Таким образом, мы всю ночь шли по северной части равнины у подножия высоких Окильских гор, мимо Аллоа, Клэкманнана и Кельросса, которые мы обошли. В десять часов утра, проголодавшиеся и усталые, мы добрались до маленького поселка Лимекильис. Это местечко расположено близко к берегу залива, на другой стороне которого виден город Куинзферрн. Над поселками, городом, деревнями и фермами поднимался дымок. Жатва была окончена; два корабля стояли на якоре; взад и вперед по заливу плавали лодки. Все это представляло для меня очень приятное зрелище, и я не мог вдоволь налюбоваться на эти веселые, зеленые, возделанные холмы и на людей, работающих в полях и на море.
Но там, на южном берегу Форта, стоял дом мистера Ранкэйлора, где, я был уверен, меня ожидало богатство. А я стоял здесь, на северной стороне, одетый в бедную одежду чужеземного покроя, с тремя серебряными шиллингами вместо целого состояния; голова моя была оценена, а единственным моим товарищем был человек, приговоренный к смерти!
— О Алан! — сказал я. — Подумай только: там, напротив, меня ждет все, что только может желать душа… Птицы прилетают туда, лодки переплывают — все, кто хочет, могут попасть туда — все, кроме меня! Алан, сердце мое разрывается на части!
В Лимекильнсе мы зашли на небольшой постоялый двор — мы узнали его по шесту над дверью — и купили хлеба и сыра у пригожей девушки, по-видимому служанки. Мы сложили все в узелок, думая присесть и подкрепиться в небольшом лесу на берегу моря, который виднелся впереди на расстоянии трети версты. Пока мы шли, я продолжал смотреть на ту сторону залива и вздыхать, не замечая, что Алан стал задумчивым. Наконец он остановился.
— Обратил ты внимание на девушку, у которой мы купили это? — спросил он, похлопывая по хлебу и сыру.
— Конечно, — сказал я, — это была хорошенькая девушка.
— Ты так думаешь?! — воскликнул он. — Но, Давид, это хорошая новость.
— Отчего же? — спросил я с удивлением. — Какую это может принести нам пользу?
— Ну, — сказал Алан, кинув на меня плутоватый взгляд, — я надеюсь, что это, может быть, доставит нам лодку.
— Думать наоборот было бы вернее, — сказал я.
— Это ты так думаешь, — ответил Алан. — Мне не нужно, чтобы она влюбилась в тебя, а нужно, чтобы она пожалела тебя, Давид, а для этого нет надобности находить тебя красавцем. Покажись! — Он осмотрел меня с любопытством. — Мне бы хотелось, чтобы ты был немного бледнее, но в остальном ты отлично годишься для моей цели: у тебя настоящий вид висельника, оборванца, каторжника, точно ты стащил платье у огородного пугала. Марш направо кругом и прямо к постоялому двору за нашей лодкой!

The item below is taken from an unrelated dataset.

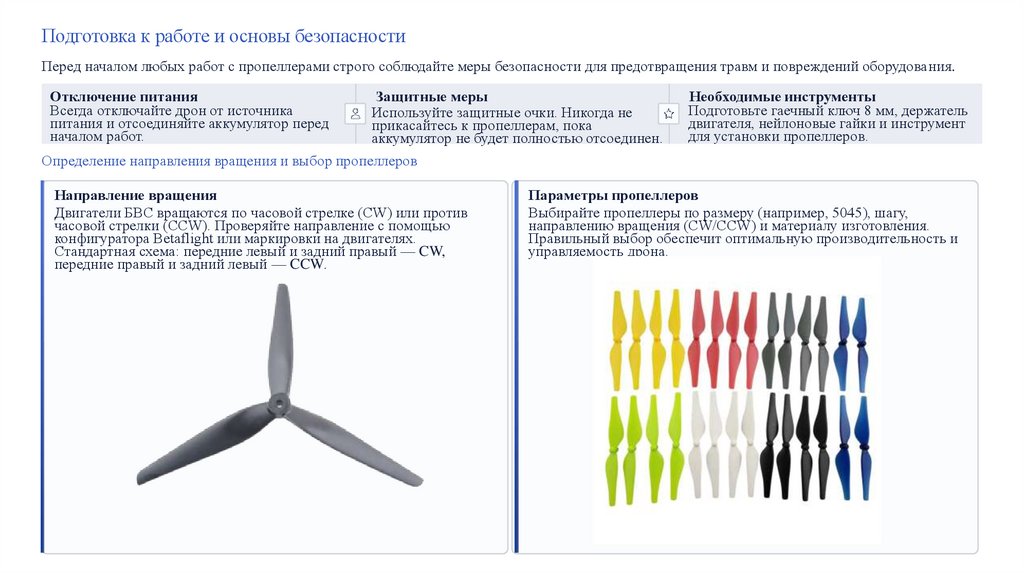 • Неподходящие размеры: Выбирайте пропеллеры, рекомендованные

Я, смеясь, последовал за ним.
— Давид Бальфур, — сказал он, — ты очень веселый джентльмен, и твоя роль, без сомнения, покажется тебе очень смешной. Но при всем том, если ты хоть в грош ставишь мою голову, не говоря уже о твоей, ты, может быть, будешь так добр, что взглянешь на это дело серьезно. Я собираюсь сыграть комедию, успех которой для нас обоих имеет громадное значение. Пожалуйста, не забывай этого и веди себя соответствующим образом.
— Хорошо, хорошо, — сказал я, — пусть будет по-вашему.
Когда мы подошли к поселку, Алан велел мне взять его под руку и повиснуть на нем, словно я обессилел от усталости. Когда он отворил дверь постоялого двора, казалось, что он почти несет меня. Служанка, по-видимому, удивилась — и было отчего! — нашему быстрому возвращению, но Алан, не тратя даром слов для объяснения, усадил меня на стул, спросил чарку водки, которую давал мне пить маленькими глотками, а затем, разломав хлеб и сыр, начал кормить меня, точно нянька, и все это с таким озабоченным, нежным видом, который обманул бы даже самого судью. Не мудрено, что служанка обратила внимание на бледного, переутомленного юношу и его любящего товарища. Она стала рядом с нами, оперлась на стол.
— Что с ним случилось? — спросила она наконец.
Алан, к моему великому удивлению, повернулся к ней с яростью.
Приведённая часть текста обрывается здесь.